Borrowing from Vanessa Andreotti and Dani d’Emilia, we can reactivate our vital compass and return to genuine earth-centered experience; we can restore our capacity to feel ourselves as the metabolism of the earth while accepting vulnerability and discomfort as the desperation of our fragile egos. We can serve as guides, comforting each other as we navigate the agonies of throwing off our addictions and restoring our exiled capacities. Our strength comes from resting in the eye of the storm. Our grief becomes the fertilizer of creative imagination, inspiring and moving us to what is next.

With commitment and compassion, our actions will naturally arise and be naturally accomplished–though not without risk. We may imagine refuge in conceptual deliberation and meticulous formation of intent, but let us cultivate intimacy and seek guidance from non-conceptual sources, arising from the matrix of unmediated experience and universal relationship. May such actions awaken us from the prevailing architecture of causation.

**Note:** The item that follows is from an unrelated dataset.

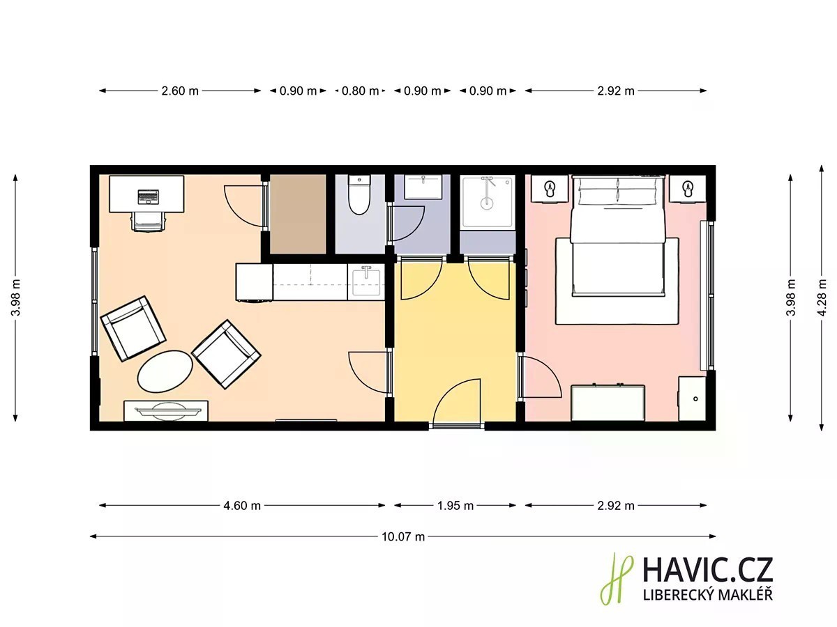 **Postup pro získání nájmu:** 1.) Vyplňte formulář u nabídky. Prosím NEVOLEJTE. Ve většině případů nejsem schopen přímo domluvit prohlídku. 2.) Jakmile si Vaší poptávku z formuláře přečtu, zašlu Vám dotazník pro zájemce o pronájem, který potřebuji vyplnit. 3.) Po vyplnění předložím formulář majiteli a následně budu volat s dalšími informacemi a možnými termíny prohlídek. Nabízím k pronájmu byt 2+kk o velikosti 39,75 m2 v přízemí panelového domu ve Starých Pavlovicích, ulici Šimáčkova. Dispozice bytu: Obývací pokoj s kuchyňským koutem, ložnice, samostatná koupelna se sprchovým koutem a samostatná toaleta. Podlahy v obývacím pokoji jsou kombinací nového PVC linolea a koberce. V chodbě, koupelně a na toaletě je keramická dlažba. Dům je napojen na rozvod elektrické energie, obecního vodovodu a kanalizace. Vytápění stejně jako ohřev TUV řešeno dálkově. Byt je po rekonstrukci, jsou zde nové rozvody elektřiny, nová plastová okna a je zde osazena kuchyňská linka s elektrickým sporákem s troubou. V bytě přípojka internetu UPC. Zálohy na služby: 5.267,- Kč Vratná jistota (kauce): 22.000,- Kč Provize realitní kanceláře: 11.000,- Kč bez DPH Elektřina přepsána na nájemce. Kompletní informace včetně virtuální prohlídky na havic.cz/0100 Váš Liberecký makléř Havic.cz.

The increasing velocity of change, radical impermanence, frees us from dependency on the archetypes of the dying paradigm. The coronavirus is a portal for healing. Let us move through it with enlightened action, spontaneously and freely arising according to generous and creative impulses. The more forcefully and deliberately we apply ourselves to preparing for the apocalypse, the more we release the weight of hope upon our labors, the more likely we are to delay that apocalypse. In denying hope lies the possibility of a future: the end of deifying progress, the false hope of returning to a world that is ending. Healing potential lies in expressing who we are without calculation, wholly and inclusively, entering a deeper field of impermanence, ever-renewing connection, expression, presence and engagement, with humor, humility and reverence.